The money is hard to ignore. Between 2006 and 2012, Liberty’s net assets increased from $150 million to $860 million, thanks mainly to its booming online business. Instead of using those funds only to increase online education, Liberty has bankrolled an ambitious sports program and a recession-busting campus building program.
Most campuses are going the other direction. At traditional schools, including my beloved State University of New York, presidents and chancellors are scrambling to find ways to profit from online education.
Perhaps Liberty’s got something to prove. Founded only in 1971, it originally met in the basement of the Thomas Road Baptist Church. As I explore Liberty’s archives this week as part of the research for my next book, I’m finding reminiscences of those early years. One early ministry student remembered that he used to have revival meetings on the “old trash dump road” above the current campus. There was no campus back then, so these earnest “preacher boys,” this alum remembered, used to
pray, sing, and practice preaching for about an hour to an hour and a half. We would pray and preach in the Spirit! Walking, shouting, and praying up and down that road, calling out your name to the Father, tears streaming down our cheeks!
As do most fundamentalist schools, Liberty feels a constant need to prove that it is just as good, intellectually, as mainstream universities. As first president Pierre Guillermin put it in an early fundraising letter, any Christian college must maintain “performance standards of unquestionable academic excellence and admirable professional credibility.”
The campus building program may result from a deep need to prove that Liberty is a real university, not just a fundamentalist camp meeting. Or it may be something more strategic. College administrators these days are wracked with anxiety about the future of higher education. Will students in the future simply take classes from a menu of online providers? Will giants such as MIT and Harvard provide the world’s best content online? Can smaller schools continue to exist?

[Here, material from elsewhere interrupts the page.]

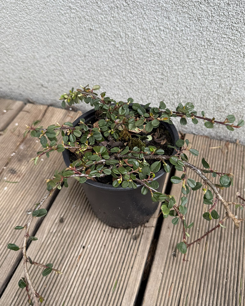 Drobný druh skalníka pôvodom z Himalájí a juhozápadnej Číny. Vyznačuje sa drobnými oválnymi listami, ktoré sú z lícnej strany tmavozelené a lesklé, z rubovej strany sú šedé. Kvety sú bielej farby a objavujú sa bohato na jar. Po odkvitnutí sa postupne tvoria červené bobuľovité plody, ktoré zaujmú od jesene.

It seems President Falwell is betting big that people will continue to want a traditional campus, with traditional amenities such as sports programs and libraries.
I think he’s right. So far, the leaders in Massive Open Online Courses are not start-up companies in their garages, but established schools such as MIT and Harvard. People still have high expectations that their education—even their online classes—will come from a “real” university.